Using that it builds the system prompt. The hope is that when GPT is generating content, it can fill in the blanks for [Your Company] etc. in its outputs. Does that work? Sometimes. We’ll talk about that later too.6
Next up, the code instantiates the interface to GPT, passing in the system prompt as well as our instance of SalesforceFunctions. It’s not quite visible to us here, but the SalesforceFunctions class will provide GPT with the database query function and metadata that GPT will use to generate queries into Salesforce.
After that, we print our hello and __init__
is done.
ReWrapText
One of the problems in a chatbot is that GPT will return very long lines of text, and if we just print them out they can run off the edge of the window. So we need to word-wrap the text. But you cannot just word-wrap the entire text at once; you have to word-wrap each line individually to preserve the structure in the text.
The method rewraptext()
does that.
Bot_Print
If the output spans multiple lines, print each line with an indent so things line up nicely.
AutoBot
The autobot()
method will run through your test cases as a simulation of a user scenario.

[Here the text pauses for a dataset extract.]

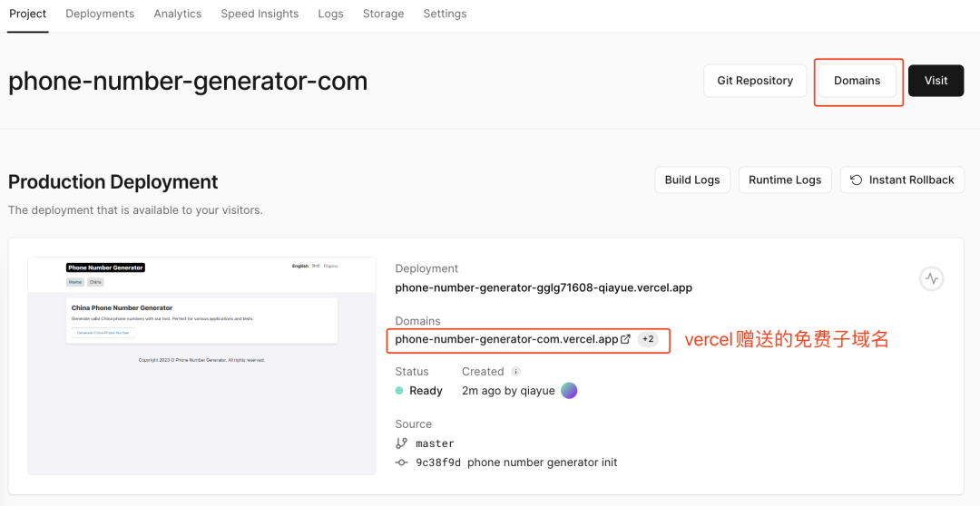 Vercel 送了一个子域名给我们测试用,可以点击这个域名看看网页,但我们不用这个子域名,我们点击右上角的“Domains”按钮,进入自定义域名配置界面。

It just loops over the lines passed into it, simulating the user having typed them in (either all at once or at a slower pace in the show pony mode) and then feeds them to GPT to answer them (and print the response).
ChatBot
This is the method that drive the interactive process. And it’s all of 4 lines of code:
while True:
u = input('\nUser: ')
g = self.rewrap_text(self.gpt.ask_gpt(u))
self.bot_print(g)
Talk about Low Code!7
if __name__ == “__main__”:
This is a fairly standard way to kick off processing in a Python program. This section of code just initializes the log file, defines the test suite inputs, runs the autobot, and then launches the chatbot. Comment out running the autobot if you don’t want it.
Final Thoughts
This post really covers the least exciting bits of the application, as clearly the heavy lifting happens elsewhere. In the next post I’ll start with probably the most interesting and challenging part, the SQL to SOQL conversion.

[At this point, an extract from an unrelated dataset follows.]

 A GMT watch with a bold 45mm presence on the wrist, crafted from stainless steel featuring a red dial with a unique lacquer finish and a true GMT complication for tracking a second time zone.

The one thing I think you’ll discover, especially if you play with the application yourself, is how little you have to tell GPT for it to appear knowledgeable about your Salesforce system and its customer data.
If you have a hard time getting the chat bot up and running, leave a comment or reply to the post. I’m happy to lend you a hand! The goal here is for you to not just hear what is possible but to see how it actually behaves.8
Into gpt-3.5-turbo
to be specific, unless you are feeling rich, in which case gpt-4
. I’ll just use the acronym GPT to represent either one of them.
In our case; functions are a generic mechanism that can be used for any purpose not just SQL generation.
When we explore the code, you’ll see that we send the results back to GPT not as a user message but as a function message so that it knows it was the results of the function call.
Although, perhaps, the user is not as happy waiting.
OK, about half of it is comments and whitespace, because I do not subscribe to the Jackson Pollock “drip period” school of code formatting, let alone his “black period” style.
I’m building up quite the list of “to talk about later”s.
If we don’t talk about the other 800+ lines of code, of course.
The wooden clock analogy I used a few months ago.